Extreme Data Science
The scientific computing community has been addressing the challenge of extreme data long before "big data" became a popular concept. Computing Sciences researchers have been developing the tools and technologies, as well as providing the critical networking and computer resources, to help scientists access, share, analyze, visualize and understand their data.
For the Department of Energy, extreme data is associated with the concept of big science, which relies on powerful instruments to tackle some of the most challenging scientific problems of our time. At the National Energy Research Scientific Computing Center (NERSC), extreme data is defined as the massive datasets generated by experimental facilities or large-scale modeling and simulation results from supercomputers. The DOE Office of Science supports a number of unique experimental facilities, each of which supports a broad user community and produces valuable scientific data. Such facilities include the Joint Genome Institute, the Advanced Light Source, the Relativistic Heavy Ion Collider, the Large Hadron Collider in Switzerland and telescopes and space probes. As the Office of Science’s primary scientific computing facility supporting 4,500 users at national labs and universities, NERSC both generates massive data sets and serves as a repository for data that is shared and analyzed by users around the world. Such experimental and computational facilities are beyond the scope of what individual institutions can provide.
The Energy Sciences Network, or ESnet, is the Department of Energy’s high-performance network managed by Berkeley Lab. In late 2012, ESnet rolled out a 100 gigabits-per-second national network to accommodate the growing scale of scientific data. Traffic on ESnet is growing twice as fast as on the commercial Internet and ESnet staff have developed specialized applications and architectures to speed the transfer of massive datasets.
In the Computational Research Division, the Scientific Data Management and the Visualization groups are leaders in developing technologies to help scientists search, analyze and visualize their data.
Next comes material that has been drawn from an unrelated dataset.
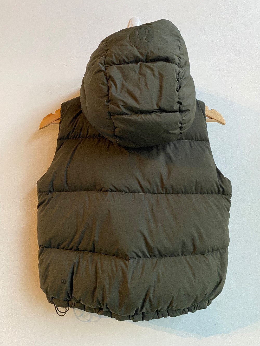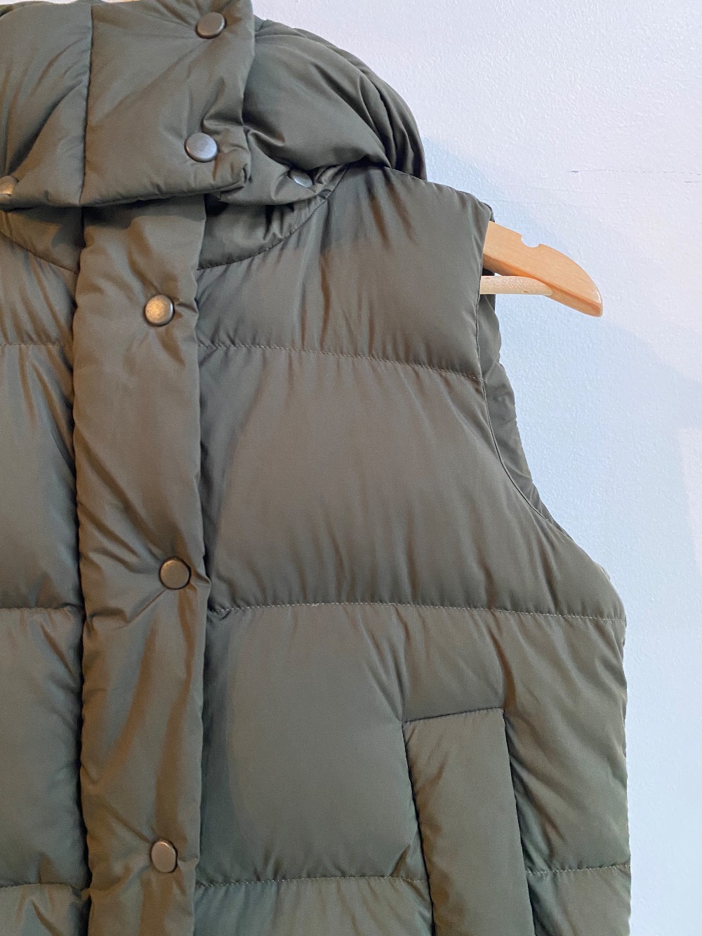 “This wonderfully warm down puffer vest has a cinchable hem that lets you customize the shape and keep out cold drafts. water-repellent, softmatte™ fabric Water-repellent Windproof 600-fill-power goose down insulates through extra loft 100% of our down is certified to the Responsible Down Standard (RDS) by Control Union (No. 847515) This product contains recycled polyester made from repurposed plastic waste relaxed fit, cropped length Relaxed fit feels roomy and can be worn over larger layers. Size down if you prefer a slimmer fit features Removable hood Cinchable hem Zippered exterior pockets with a hidden phone sleeve Interior pockets hold the essentials.”

For example, the FastBit indexing application developed at the lab allows users to search huge databases 100 times faster than commercial tools. Berkeley Lab is also the leader of DOE’s Scalable Data Management, Analysis and Visualization (SDAV) Institute to develop new tools to help scientists manage and visualize data to help speed discovery.
In short, the nation’s research community is facing a problem with scientific data and a new generation of supercomputers, capable of exaflops performance, is needed to analyze that data. In this regard, exascale computing is a subset of the technical challenges posed by the extreme data problem.